### EXERCISE INSTRUCTIONS
Transcribe the data that follows in full. Leave out the pictures.

### GIVEN INFORMATION
━━━━━━━━

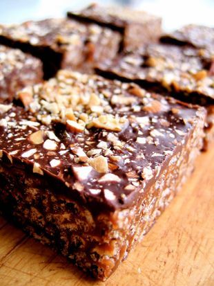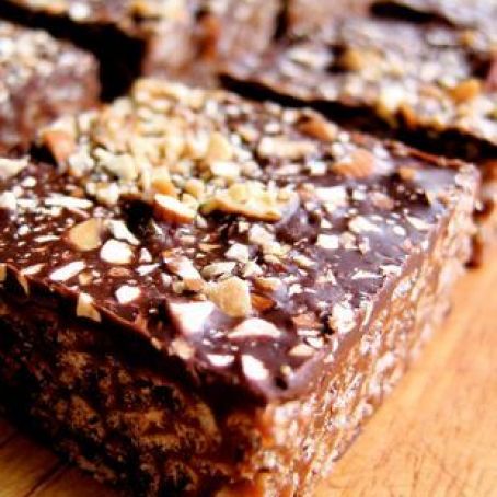 A few notes: You can use corn syrup or golden syrup in place of the rice syrup if you prefer. Barbara's Bakery Crisp Brown Rice Cereal stays the crispiest of the four different brands I've tried. Chocophiles may want to double the ganache topping and sprinkle the top with cacao nibs. Forget the traditional rice cereal treats with marshmallows -- these Hippie Crispie Treats are wonderful. Once you assemble the ingredients (rice syrup was new to my kitchen pantry), it all comes together easily. Setting the ganache in the fridge is essential; the treats remained crispy in my fridge for several days. I would make the salt & almonds on top optional. I’m adding dried cranberries to the next batch! This recipe is a family favorite already.
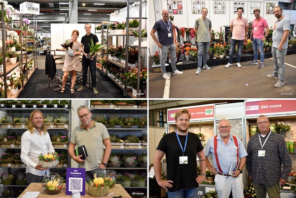 Danielle Vermeulen van Stolk Orchids en Mike Rijnsburger van Stolk Brothers; drukte in de stand bij Carl Sales Support; Dolf van Heijningen geflankeerd door Wim van den Akker en Mark van Velzen van BM Roses; en Martijn Frank en Jan Timmermans van PT Creations
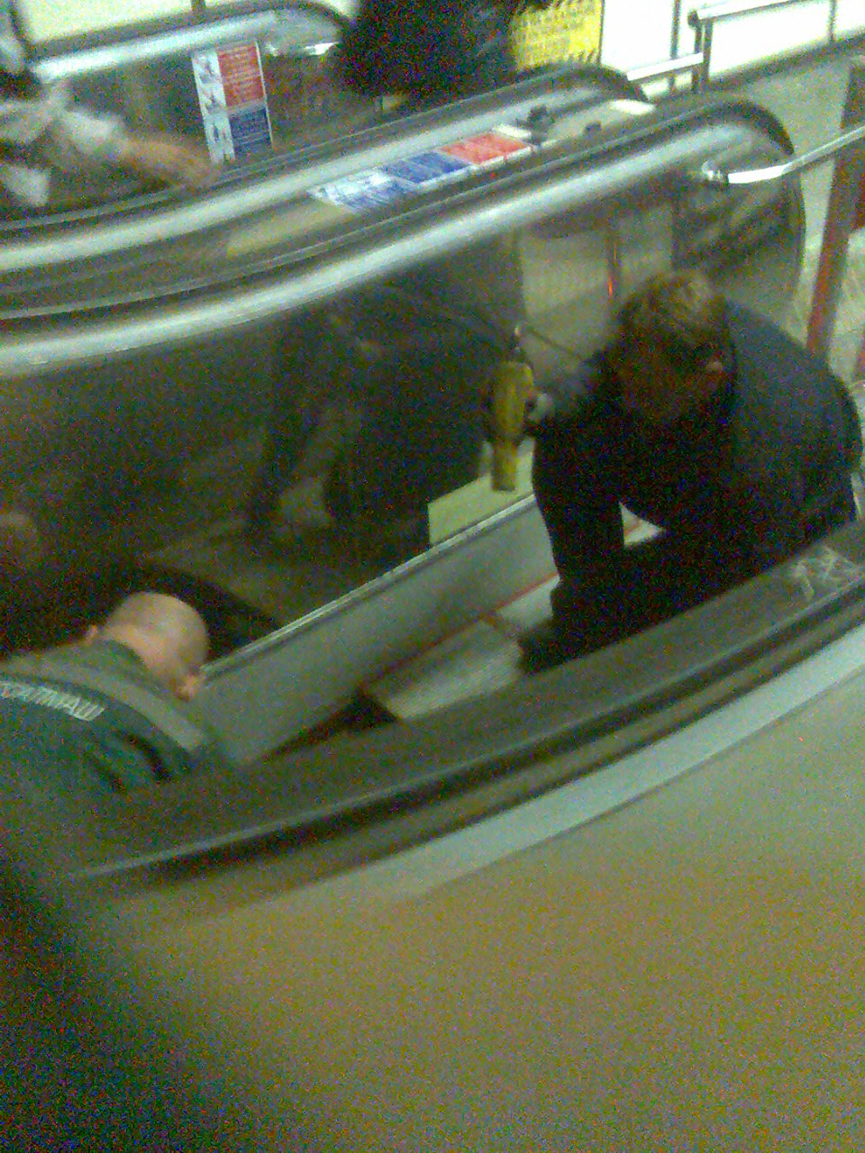 в 10 утра наблюдал 3 работников уневерсалмаша вглядваювающихся в мехнизм экскалатора двигающегося с ремонтной скоростью.
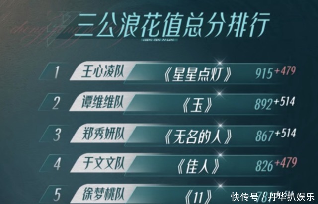 王心凌的队伍作为首发,本来挺吃亏的,但她们凭借精彩的节目和超高的人气,硬是拿到了915的浪花值,让候场的其余姐姐直呼“好高”!

━━━━━━━━

### WRITTEN RESPONSE
 A few notes: You can use corn syrup or golden syrup in place of the rice syrup if you prefer. Barbara's Bakery Crisp Brown Rice Cereal stays the crispiest of the four different brands I've tried. Chocophiles may want to double the ganache topping and sprinkle the top with cacao nibs. Forget the traditional rice cereal treats with marshmallows -- these Hippie Crispie Treats are wonderful. Once you assemble the ingredients (rice syrup was new to my kitchen pantry), it all comes together easily. Setting the ganache in the fridge is essential; the treats remained crispy in my fridge for several days. I would make the salt & almonds on top optional. I’m adding dried cranberries to the next batch! This recipe is a family favorite already.
 Danielle Vermeulen van Stolk Orchids en Mike Rijnsburger van Stolk Brothers; drukte in de stand bij Carl Sales Support; Dolf van Heijningen geflankeerd door Wim van den Akker en Mark van Velzen van BM Roses; en Martijn Frank en Jan Timmermans van PT Creations
 в 10 утра наблюдал 3 работников уневерсалмаша вглядваювающихся в мехнизм экскалатора двигающегося с ремонтной скоростью.
 王心凌的队伍作为首发,本来挺吃亏的,但她们凭借精彩的节目和超高的人气,硬是拿到了915的浪花值,让候场的其余姐姐直呼“好高”!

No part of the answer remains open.